On my quest to understand neurodiversity, I find Anna’s approach to life and development fascinating. We embrace Anna’s differences wholly and with much love and affection. Parenting any child is not an easy task, and I find it all too easy to get swept along with ‘how we should do something’ based on preconceived ideas of what society expects. But what if we throw caution to the wind? What if we allow Anna to develop at her own pace, in her own time, respecting her choices and her boundaries? Einstein famously said, ‘if we judge a fish by it’s ability to climb a tree, it will spend it’s whole life feeling stupid’ and I think of this every time I hear someone telling me what I ‘should’ be doing for Anna. I feel very strongly that there is so much emphasis on what our children should be doing, that we forget that what children really need is to be nurtured. We need to help our little ones find their strengths. I believe that when we remove the pressure of conformity an individual truly can flourish. If we allow Anna to find her own path in life then we know that she will have an understanding that her choices matter and that we respect her. Almost 2 years ago, I spent the deepest, darkest hours of night time wondering and worrying about Anna’s future, these days I am optimistic and now I look towards Anna’s future with wonder.

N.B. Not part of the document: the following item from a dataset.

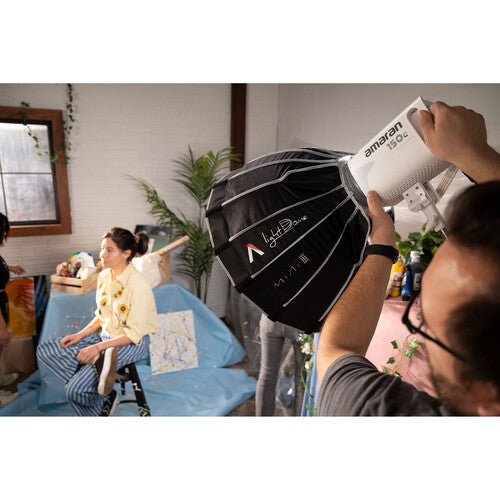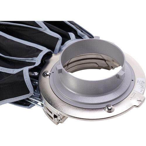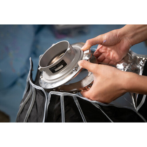 Armed with an upgraded dual-sided and foldable quick release mechanism, the 22.8" Light Dome Mini III from Aputure accelerates the set-up time for its 16-sided, point source-softening circular softbox, bringing professional, portrait-ready light to any shoot in mere seconds. Optimized for lightweight portability, the parabolic, hexadecanol structure of the Light Dome Mini III is fortified by 16 durable steel support rods, which now snap into place with the downward press of its widely compatible Bowens Mount bracket, saving valuable time on set. Its shape also promotes uniform light output distribution for soft, even light on any subject. The modifier features a silver interior to maximize the light source's output and comes with an inner diffuser, 1.5-stop, and 2.5-stop front diffusers, and a 40° fabric grid for further light-shaping capabilities.

I’ve recently read the excellent book ‘What every Autistic girl wishes her parents knew’, and I feel that Emily Paige Ballou spoke to me personally about my beautiful daughter’s beautiful mind when she said
‘ I want you to know that what she might never do doesn’t necessarily tell you anything about what she might do.
I want you to know that your daughter is a whole person, just as she is. That she is not lacking any essential feature of what it means to be human. There is no missing piece of her you have to find; she is all there, even if you don’t know how to understand her yet. I want you to know that she does have an intact mind. It’s just a mind that may work differently from those people around her, in ways that are still obscure to most of us, in ways she doesn’t know how to tell you about yet.
I want you to know that she has a future as an autistic person.
I want you to know that your daughter is of value to the world, and the world has a place and a need for her.’